WORK REQUIRED: Retype the records below exactly as given, but only from the first line through the line with "Ergo Osterreich Ergo", and without the pictures.

[[ SOURCE DATA, beginning ]]

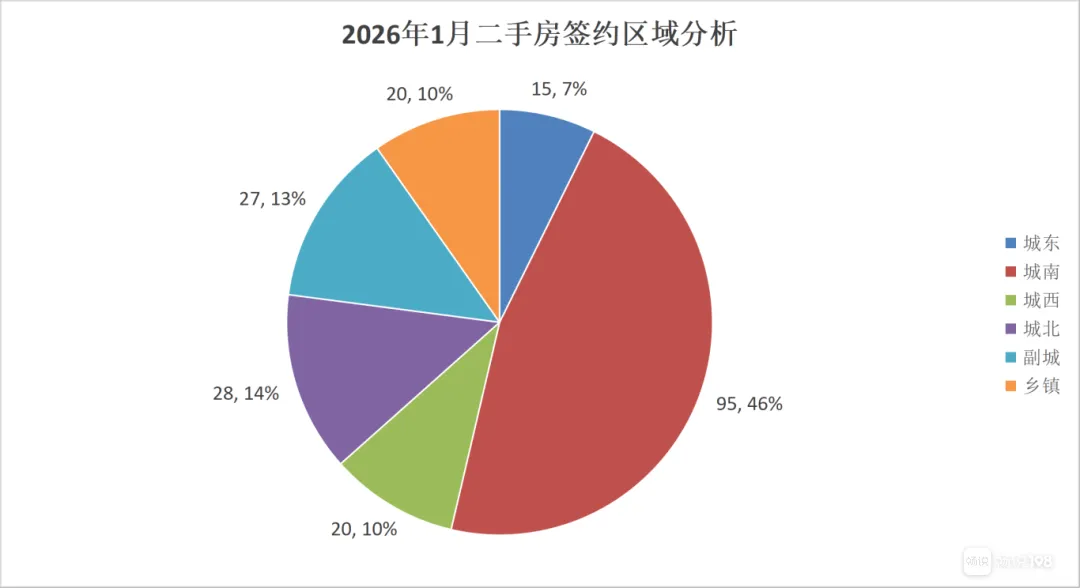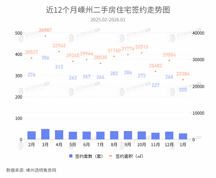 2026年1月二手房签约205套,签约面积22384㎡,签约量环比下降22.93%,同比下降17.00%。
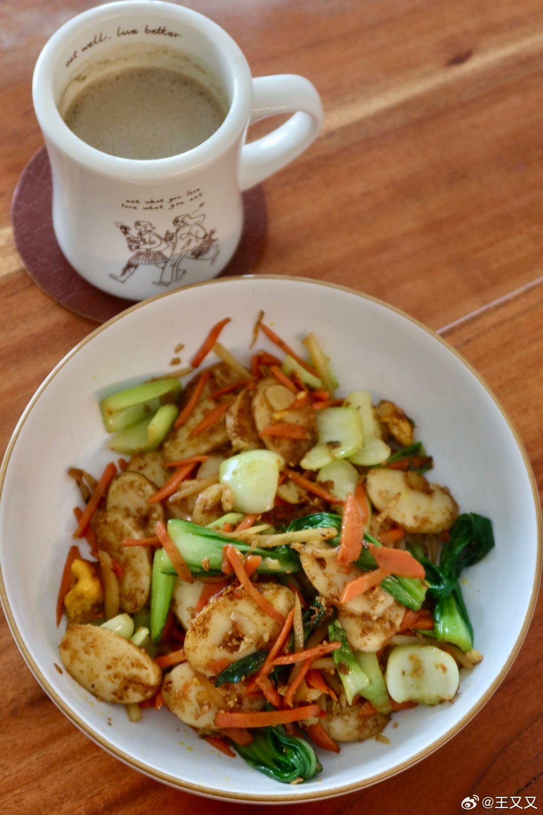 午餐:胡萝卜🥕上海青炒年糕、焙茶椰奶拿铁
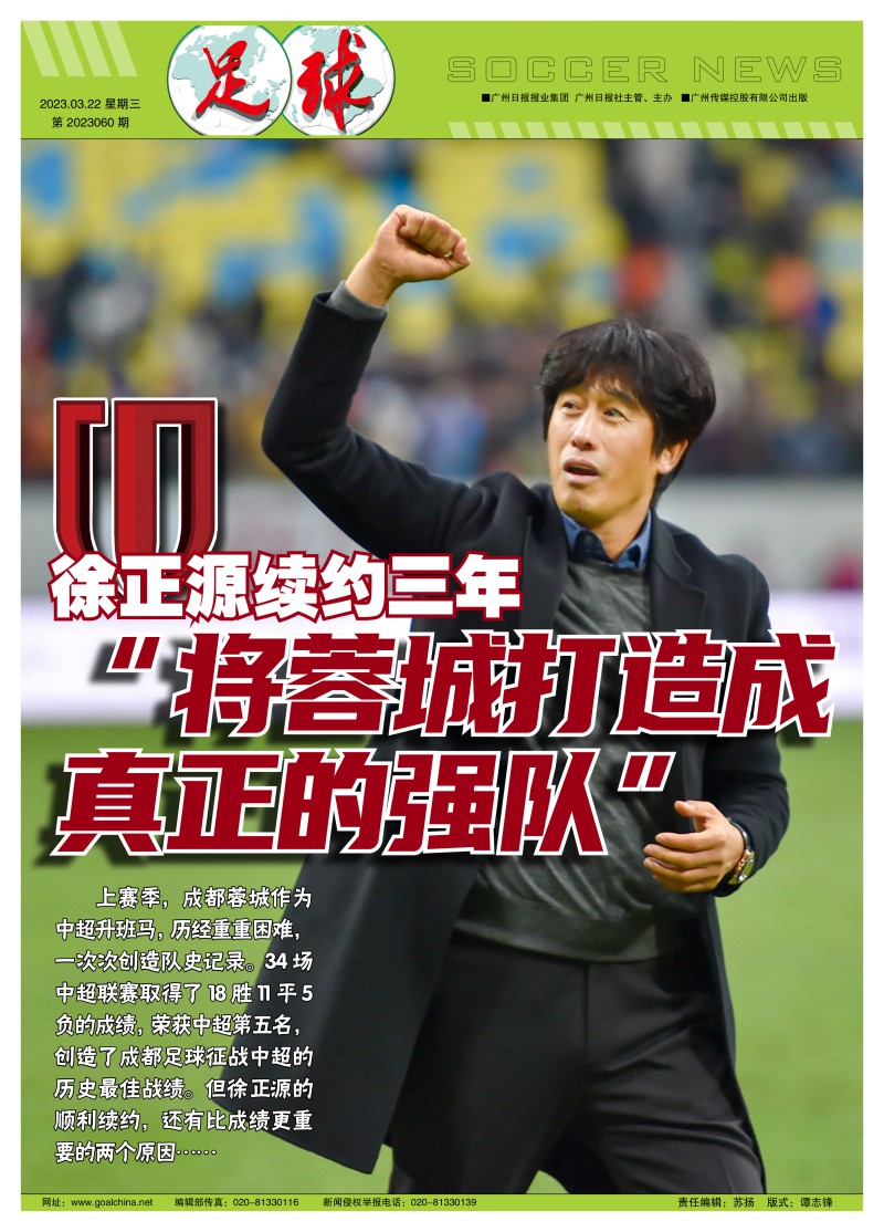 徐正源与蓉城续约三年,这两点比战绩更重要
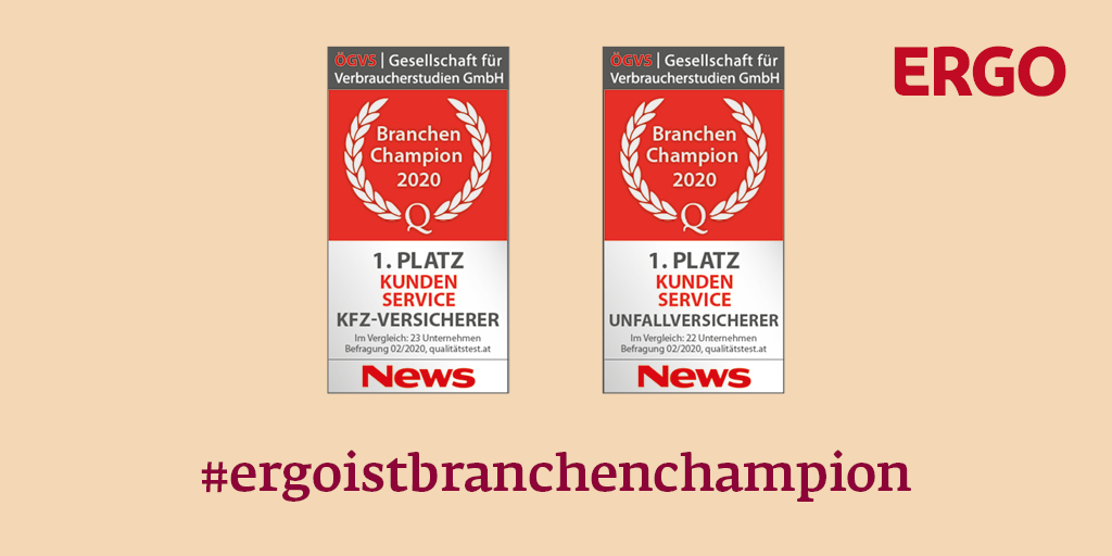 Ergo Osterreich Ergo Wurde Mehrfach Als Branchen Champion Ausgezeichnet Die Kfz Und Unfallversicherung Uberzeugten Vor Allem Im Kundenservice Und In Der Preis Leistung Wir Freuen Uns Uber Diesen Erfolg Mehr Infos
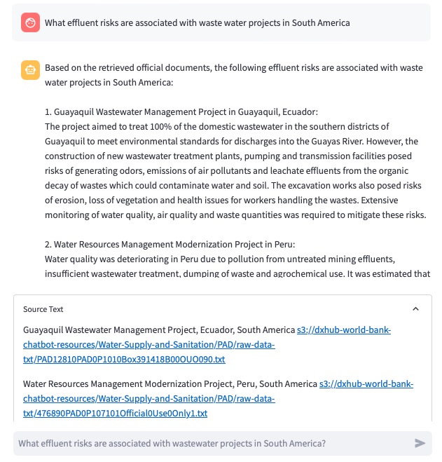 Historically, governmental project teams in countries receiving World Bank loans have faced challenges in accessing comprehensive lessons from past development projects. The vast public documentation available was cumbersome to navigate, making it a daunting task to extract relevant lessons and advice applicable to new initiatives. The solution being developed aims to overcome this barrier by offering an easy-to-use, interactive interface. This interface is built atop an intelligent search engine that probes the extensive archives, records, and data of the World Bank, streamlining access to invaluable insights. For the purpose of the pilot, the team worked with a subset of data that focused on water quality projects.
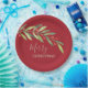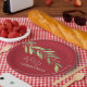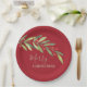 Paper plates in 2 sizes feature elegant greenery and berries with your message in chic lettering in any color (we show gold) and on any color background (we show red.) MATCHING items in our store.
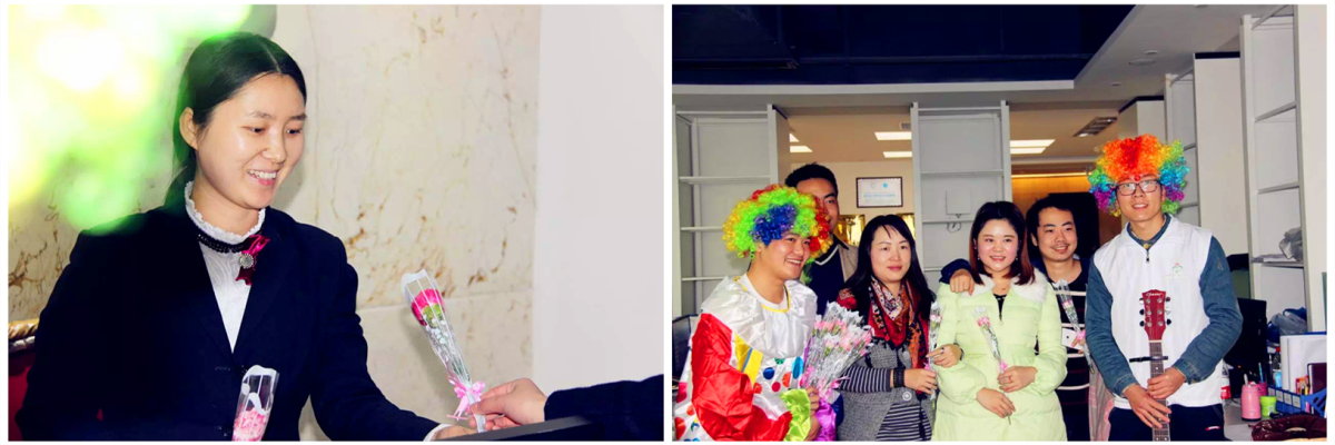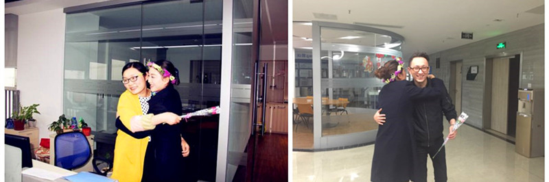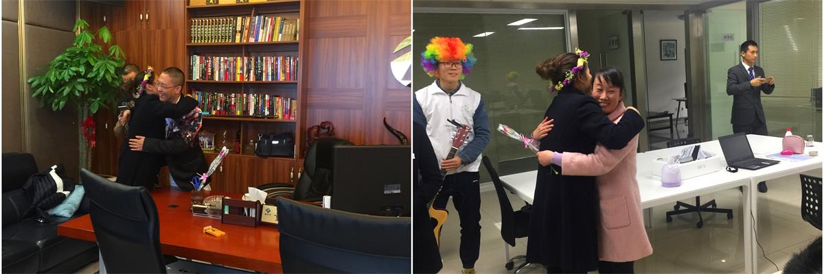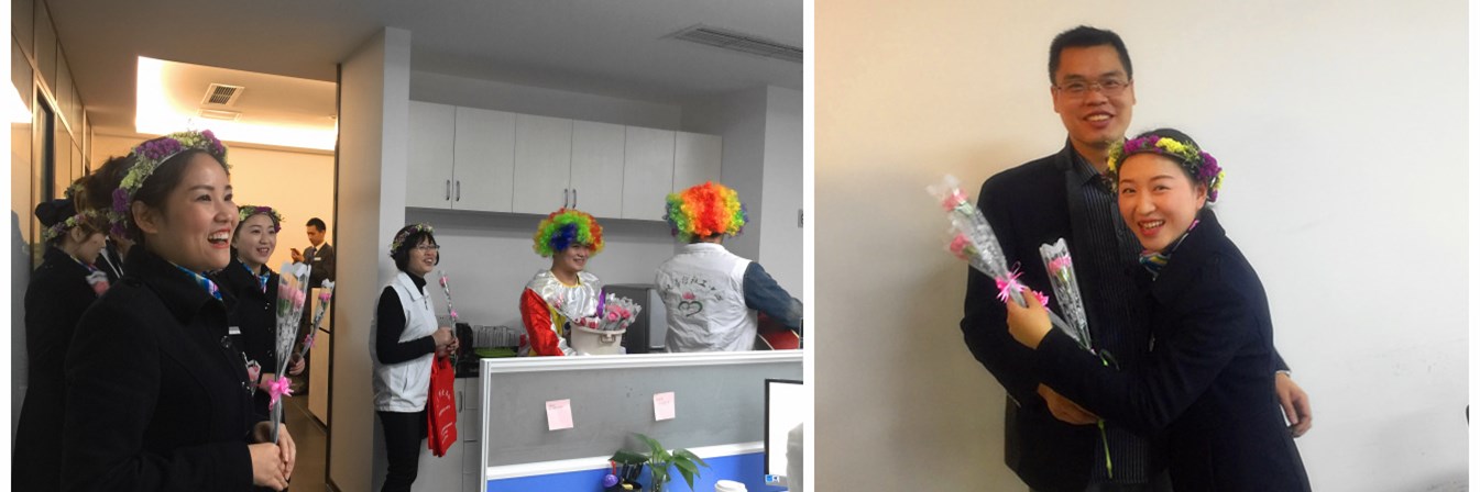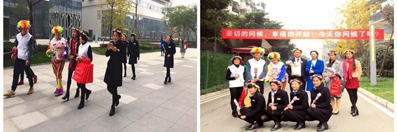 下午2点,所有准备工作就绪,众和为客服人员头戴花环,川音学子手拿吉他,“小丑”手捧鲜花,所有现场参与人员在大合仓楼下集结出发。当我们出现在忙碌工作中的业主们面前时,从他们的脸上看到了大大的惊喜,我司客服人员洋溢着笑容,给在场的每一位都送出了鲜花和拥抱。

[[ SOURCE DATA, end ]]

RESPONSE FOR THIS EXERCISE:
 2026年1月二手房签约205套,签约面积22384㎡,签约量环比下降22.93%,同比下降17.00%。
 午餐:胡萝卜🥕上海青炒年糕、焙茶椰奶拿铁
 徐正源与蓉城续约三年,这两点比战绩更重要
 Ergo Osterreich Ergo Wurde Mehrfach Als Branchen Champion Ausgezeichnet Die Kfz Und Unfallversicherung Uberzeugten Vor Allem Im Kundenservice Und In Der Preis Leistung Wir Freuen Uns Uber Diesen Erfolg Mehr Infos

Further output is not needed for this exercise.